Begin at the line where "White Brocade Lace" appears and reproduce exactly every line through the end of the data below, both included, skipping pictures.

----------

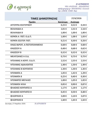 ΤΙΜΕΣ 07:34 π.μ. - 28/04/2026 Τιμές Αγροτικών Προϊόντων 28.04.2026 ΙΕΡΑΠΕΤΡΑ, ΤΙΜΕΣ ΑΓΡΟΤΙΚΩΝ ΠΡΟΙΟΝΤΩΝ, ΔΗΜΟΠΡΑΤΗΡΙΟ, ΚΗΠΕΥΤΙΚΑ Δείτε τις σημερινές τιμές του δημοπρατηρίου
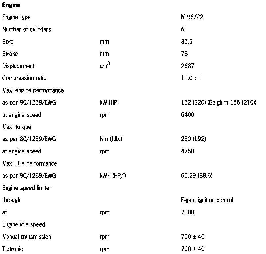 Engine specifications of the Boxster 2.7 l as of model '00
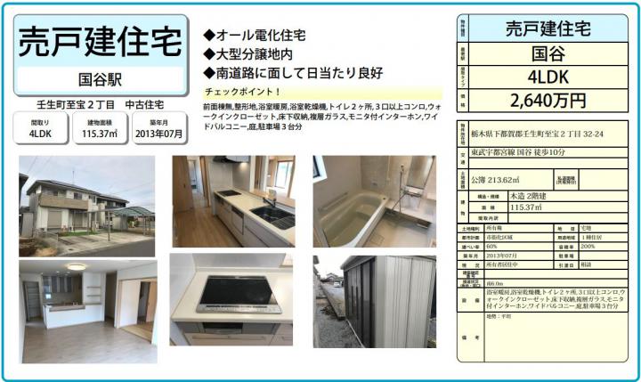 東武宇都宮線 国谷駅 徒歩 7分 | 栃木県下都賀郡壬生町至宝2丁目 | 専有面積/213.62㎡ 建物/115.37㎡ | 2013年07月 | 2,640万円(税込) | 4 LDK |
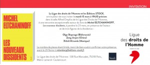 La LDH et les éditions Stock ont le plaisir de vous inviter le mardi 15 mars 2016, à 19h30, dans la salle Alfred Dreyfus de la Ligue des droits de l’Homme, à une rencontre exceptionnelle autour du livre de Michel Eltchaninoff Les Nouveaux dissidents, à paraître le 23 mars, en présence de trois figures de la dissidence :
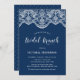 White Brocade Lace Navy Blue Bridal Brunch Einladung
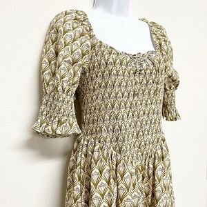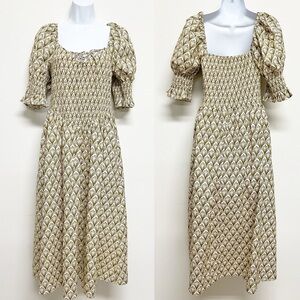 AUREUM The Label Womens The Nikkia Olive Cream Botanical Print Midi Cottagecore Dress Size S
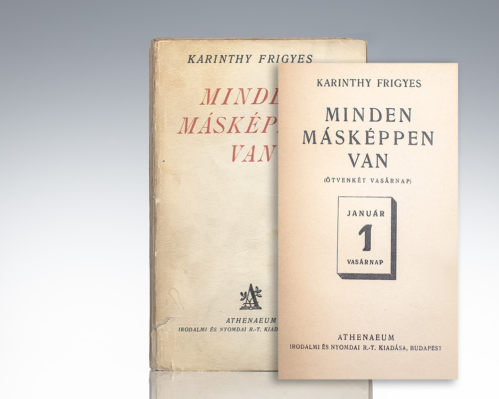 Rare first edition of this collection of stories in the original Hungarian which introduced the sociological phenomena of “six degrees of separation.” Octavo, original wrappers with titles in red and black. In very good condition. Exceptionally rare in the original wrappers.
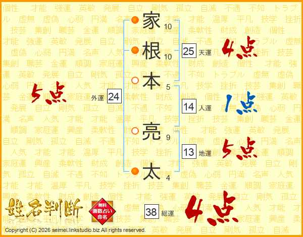 家根本亮太さんの総運は38画の4点!

----------

Exercise response:
 White Brocade Lace Navy Blue Bridal Brunch Einladung
 AUREUM The Label Womens The Nikkia Olive Cream Botanical Print Midi Cottagecore Dress Size S
 Rare first edition of this collection of stories in the original Hungarian which introduced the sociological phenomena of “six degrees of separation.” Octavo, original wrappers with titles in red and black. In very good condition. Exceptionally rare in the original wrappers.
 家根本亮太さんの総運は38画の4点!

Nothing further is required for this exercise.